### DATA
◇ ◇ ◇ ◇ ◇ ◇ ◇

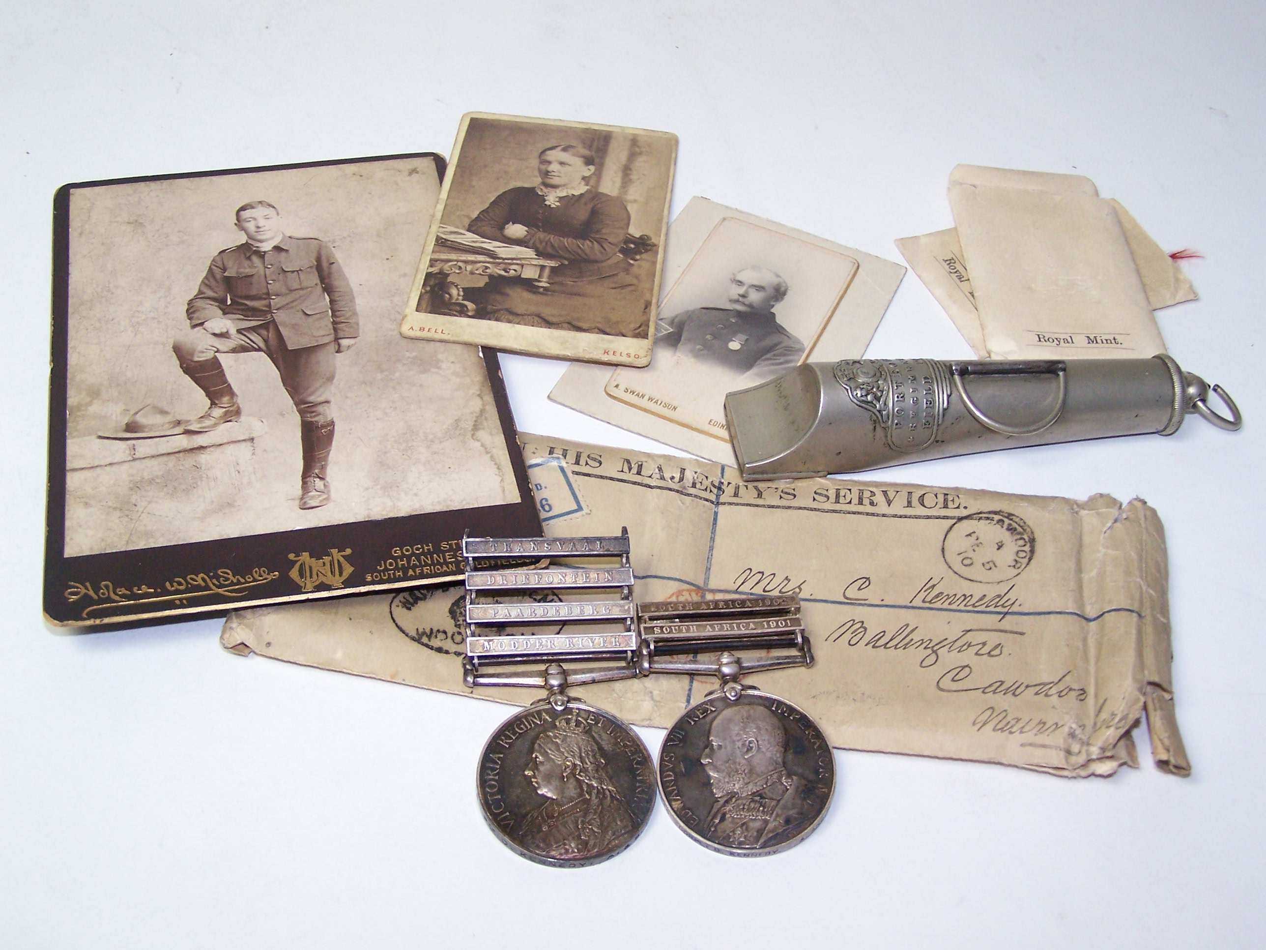 to 4546 Pte D KENNEDY A&S Highrs, QSA with TRANSVAAL, DRIEFONTEIN, PAARDEBERG and MODDER RIVER bars and with ghost dating to reverse, KSA with South Africa 1901 and 1902 bars, both in original Royal Mint envelopes and with postage envelope etc; together with original family photographs and a white metal 'Porteous Regimental Field Pipe' (qty)
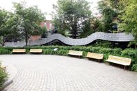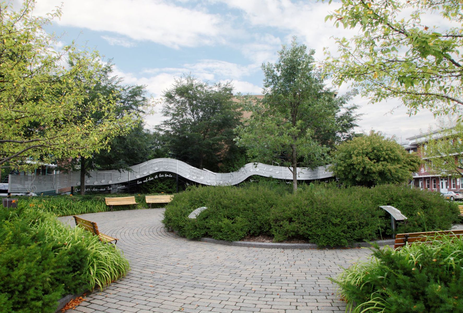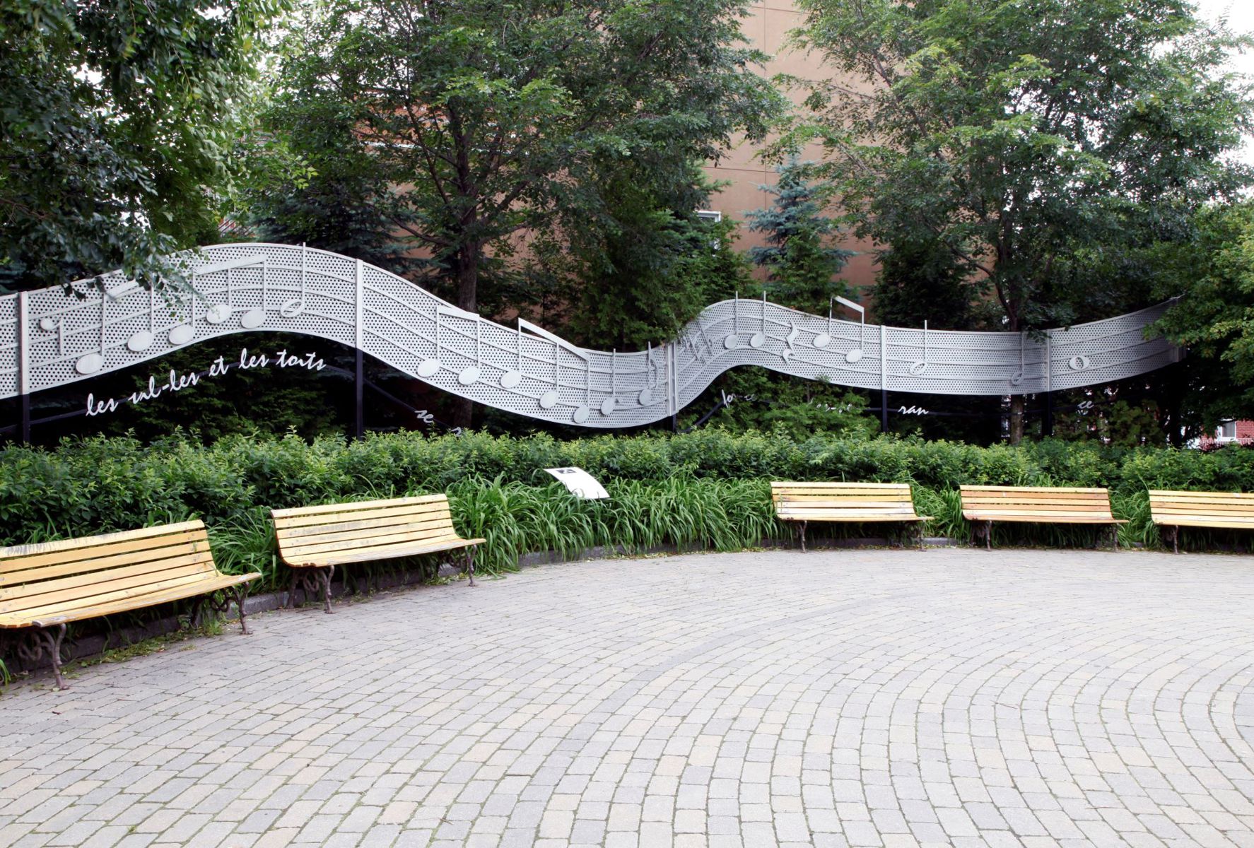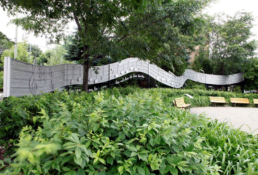 Sylvain Lelièvre (1943-2002) a chanté avec émotion les charmes de Limoilou, son quartier natal. Cette portée musicale en aluminium serpente dans le parc qui porte son nom. Sous les notes sont reproduits les vers finaux de sa chanson Toi l’ami : « Que par-dessus les mers, les villes et les toits / Se rejoignent nos mains à force d’espérance. » L’œuvre est la création commune d’un sculpteur et d’un architecte paysagiste.
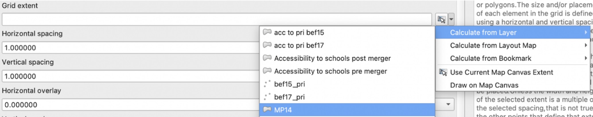 Select Vector > Research Tools > Create Grid. The Create Grid dialog window appears. For Grid type, select Hexagon (Polygon). For Grid extent, click on the dropdown and select Calculate from Layer. Select MP14.
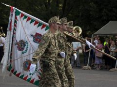 Az ünnepség végén a Legoza Bálint alezredes vezette kontingens katonái díszmenettel tisztelegtek parancsnokaik és családtagjaik előtt.
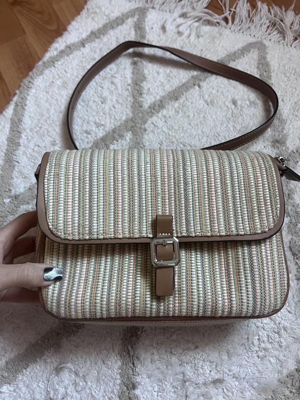 Состояние хорошее Очень вместительная Два отдела Один на замочке Ручка регулируется Плетёная ,но плотная ,даже если пустая хорошо держит форму
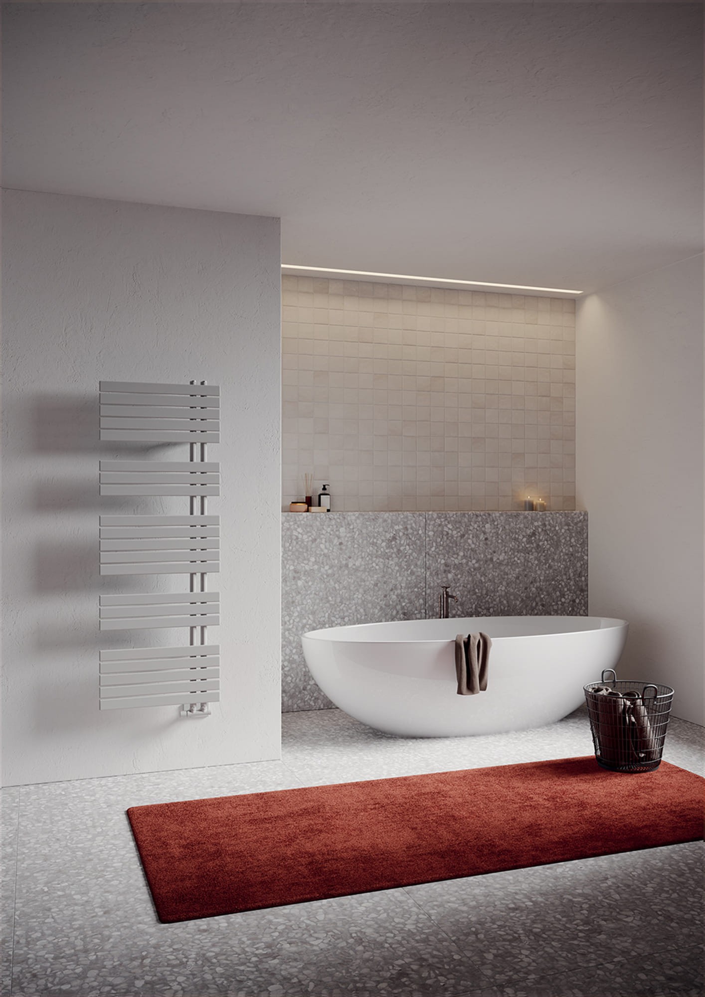Ușoară, minimală și esențială, SOUL_S reinterpretează orice mediu inconjurator. Perspectivele sale liniare sunt expresia evoluție, întâlnire fascinantă între o rundă colector și un profil plat, capabil să influențeze și caracterizează îmbunătățirea mediului în baie personalitatea acestuia. Disponibil în 3 înălțimi și 1 lățime. Odată cu introducerea rezistenței electrice (opțional) acesta poate funcționa chiar și în perioadele în care sistemul este oprit.
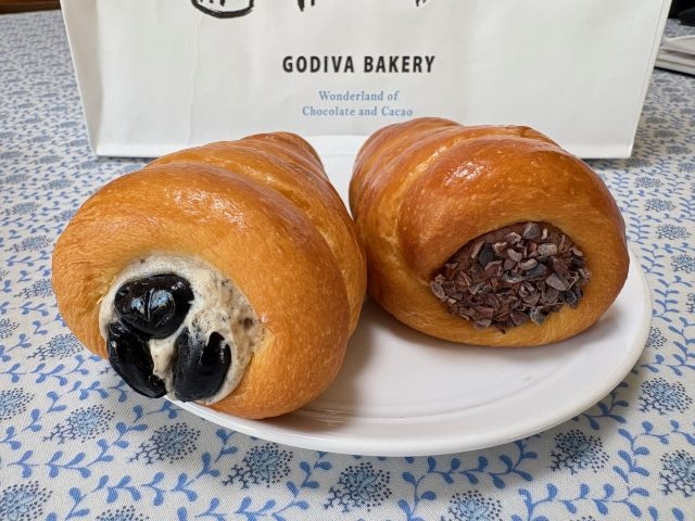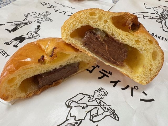 「ショコラティエのカレーパン」は、カカオのほろ苦さとスパイスの香りを楽しめるゴディバならではの焼きカレーパン。あとからじんわり辛さがやってきます。
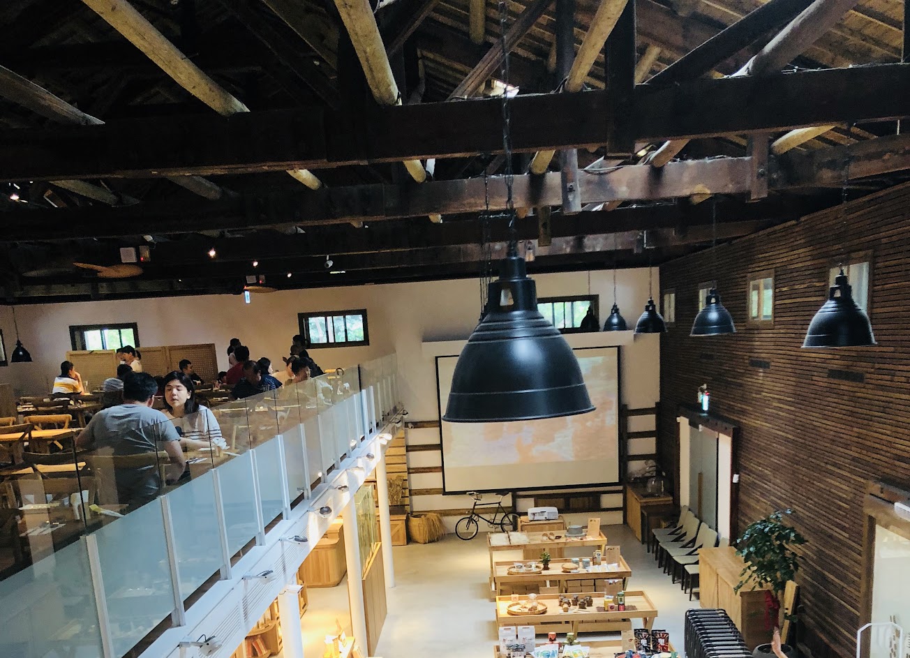穀倉改建的氛圍不錯,再地商品也不少,二樓餐點還可以,安靜的空間!
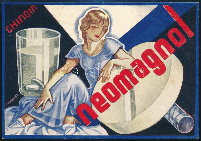 1933 A Chinoin Gyógyszertár Neomagnol fertőtlenítő tabletta art deco reklámlapja postán elküldve, szép állapotban, Gönczi-Gebhardt Tibor (1902-1994) grafikája, 10,5×15 cm

◇ ◇ ◇ ◇ ◇ ◇ ◇

With the pictures left out, return the listing above exactly as it stands.

 to 4546 Pte D KENNEDY A&S Highrs, QSA with TRANSVAAL, DRIEFONTEIN, PAARDEBERG and MODDER RIVER bars and with ghost dating to reverse, KSA with South Africa 1901 and 1902 bars, both in original Royal Mint envelopes and with postage envelope etc; together with original family photographs and a white metal 'Porteous Regimental Field Pipe' (qty)
 Sylvain Lelièvre (1943-2002) a chanté avec émotion les charmes de Limoilou, son quartier natal. Cette portée musicale en aluminium serpente dans le parc qui porte son nom. Sous les notes sont reproduits les vers finaux de sa chanson Toi l’ami : « Que par-dessus les mers, les villes et les toits / Se rejoignent nos mains à force d’espérance. » L’œuvre est la création commune d’un sculpteur et d’un architecte paysagiste.
 Select Vector > Research Tools > Create Grid. The Create Grid dialog window appears. For Grid type, select Hexagon (Polygon). For Grid extent, click on the dropdown and select Calculate from Layer. Select MP14.
 Az ünnepség végén a Legoza Bálint alezredes vezette kontingens katonái díszmenettel tisztelegtek parancsnokaik és családtagjaik előtt.
 Состояние хорошее Очень вместительная Два отдела Один на замочке Ручка регулируется Плетёная ,но плотная ,даже если пустая хорошо держит форму
Ușoară, minimală și esențială, SOUL_S reinterpretează orice mediu inconjurator. Perspectivele sale liniare sunt expresia evoluție, întâlnire fascinantă între o rundă colector și un profil plat, capabil să influențeze și caracterizează îmbunătățirea mediului în baie personalitatea acestuia. Disponibil în 3 înălțimi și 1 lățime. Odată cu introducerea rezistenței electrice (opțional) acesta poate funcționa chiar și în perioadele în care sistemul este oprit.
 「ショコラティエのカレーパン」は、カカオのほろ苦さとスパイスの香りを楽しめるゴディバならではの焼きカレーパン。あとからじんわり辛さがやってきます。
穀倉改建的氛圍不錯,再地商品也不少,二樓餐點還可以,安靜的空間!
 1933 A Chinoin Gyógyszertár Neomagnol fertőtlenítő tabletta art deco reklámlapja postán elküldve, szép állapotban, Gönczi-Gebhardt Tibor (1902-1994) grafikája, 10,5×15 cm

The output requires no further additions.